Beperkingen en participatieproblemen
Geef aan wat de impact is van de symptomen op de deelname aan het maatschappelijk leven. Duid de beperkingen doorheen de levensloop en in het actuele functioneren. Beschrijf de daaruit voortkomende lijdensdruk zo concreet mogelijk.
Behandelingen
Om te staven dat het gaat om een langdurige en belangrijke beperking, moet u aangeven of er al behandelingen en/of begeleidingen hebben plaatsgevonden, welke behandelingen er in de toekomst nog gepland worden en welke behandelingen er niet mogelijk waren en waarom. Indien er nog geen ondersteuning geweest is, moet u verplicht aangeven of en welke pogingen ondernomen zijn om ondersteuning te vinden (bv. op welke wachtlijsten de persoon staat).
Als er sprake is van comorbide stoornissen moet u die als aparte stoornis uitwerken. Gelieve ook daar duidelijk aan te geven welke stappen er al gezet werden op vlak van behandeling, wat het resultaat was en wat er nog gepland staat.
Prognose
Als u enige informatie heeft omtrent de prognose, dan moet u die vermelden. Hoewel autisme niet behandelbaar is, kan de impact ervan op het functioneren wél gunstig evolueren. Het kan hierbij gaan om verwachtingen naar communicatiemogelijkheden (bv. leren communiceren bij jonge kinderen), zelfredzaamheid ... Daarbij is het belangrijk om aan te geven wat de verwachtingen zijn zowel op korte als op lange termijn. Als het moeilijk is om die inschatting te maken, vermeldt u dat best in het tekstvak.
Bijlage(n)
U moet in bijlage bij de module altijd een diagnostisch verslag toevoegen. Let op: het is niet voldoende om enkel de bijlage toe te voegen. Alle relevante informatie moet ook verwerkt worden in de module zelf.
Referenties
American Psychiatric Association (2000). Diagnostic and Statistical Manual of Mental Disorders Fourth Edition-Text Revision (DSM-IV-TR). Washington, DC: American Psychiatric Association.

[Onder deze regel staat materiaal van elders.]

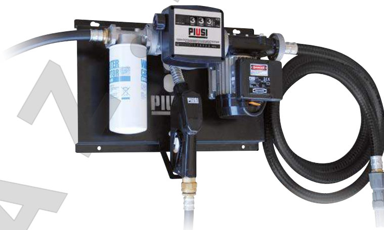
ST PANTHER 56, K33, A60 AND WATER CAPTOR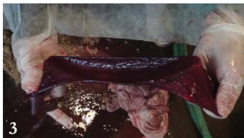
Figure 3. Hemorrhagic enteritis of small intestine – necropsy

portions of the intestinal crypts had a relatively characteristic structure. Connective tissue of the lamina propria was infiltrated by inflammatory cells (Figure 8).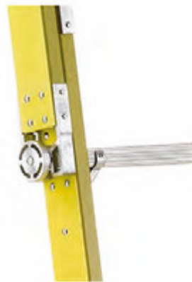
Hand operated taper-lock secures mating sections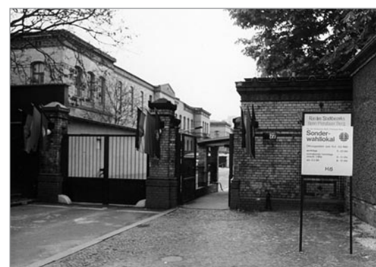
Entry Prenzlauer Allee, 1989

The site exemplifies the SED's use and abuse of power at the communal level, the local Prenzlauer Berg Round Table and the elections in 1990, as well as the reorganization of the borough administration and civic activism in the 1990s.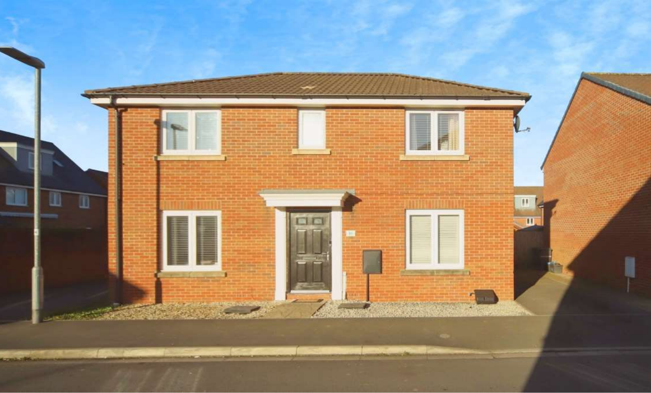
Dragon Rise, Norton Fitzwarren TAUNTON TA2 6FB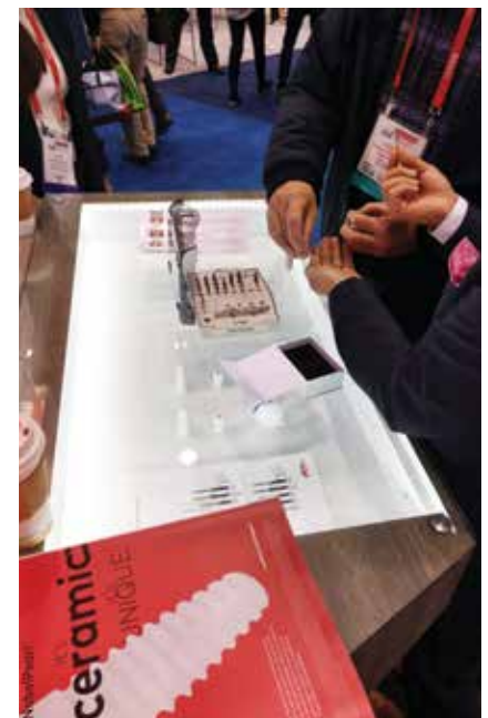
• Stop by the Nobel Biocare booth, No. 501, to get a demonstration of the NobelPearl ceramic implant system.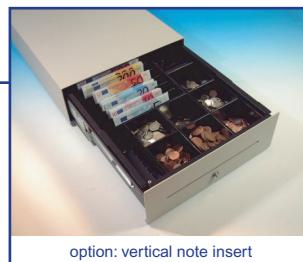
option: vertical note insert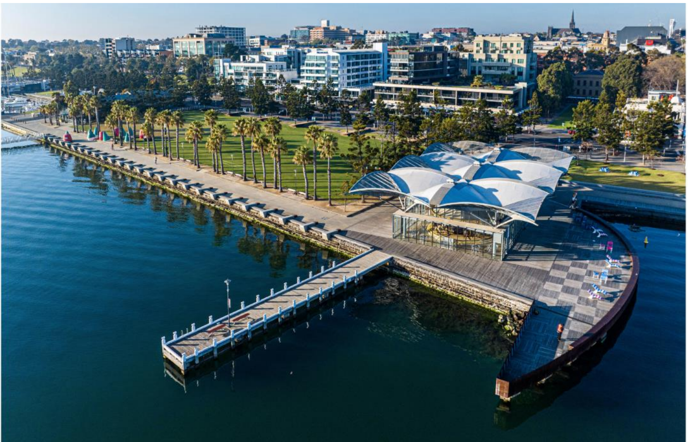
The Geelong Waterfront

The municipalities culturally and linguistically diverse communities also continue to increase. A total of 17.7 per cent of the municipalities total population were born overseas. Migration has been key to the development of the region and today, the City welcomes new arrivals from countries such as Afghanistan, Iran, Iraq, South Sudan, Congo, and Myanmar. International students are also an important part of the rich multicultural fabric of the region.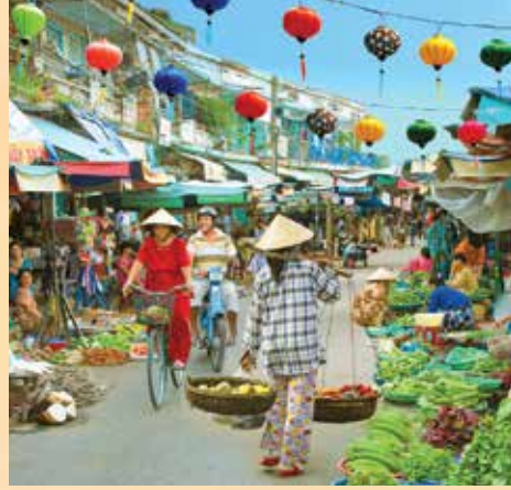
Experience Vietnam's kaleidoscopic markets, a vivid nexus of history, culture and commerce.

colorful riverside market and admire the graceful arc of the Lai Vien Keiu Bridge, originally built in 1590.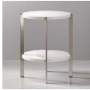
Top and shelf in durable solid surface contrast with polished metal legs

Elemental forms—from ovals to circles to squares—give Morgan tables their distinctive appearance. These foundational pieces can be tailored to complement areas as divergent as a private office or a public lobby. Their versatility stems from a combination of clean lines and expansive choices for tops and legs. Models include side, coffee, and console.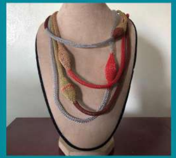
Mesh Necklace (NJN0056) Material : 0.3 Millimeters Wire, Handmade.

American Psychiatric Association (2014). Handboek voor de classificatie van psychische stoornissen DSM-5. Nederlandse vertaling van Diagnostic and Statistical Manual of Mental Disorders, 5th ed. Amsterdam: Uitgeverij Boom.
Roeyers, H. (2014). Autismespectrumstoornis: Alles op een rijtje. Leuven: Acco.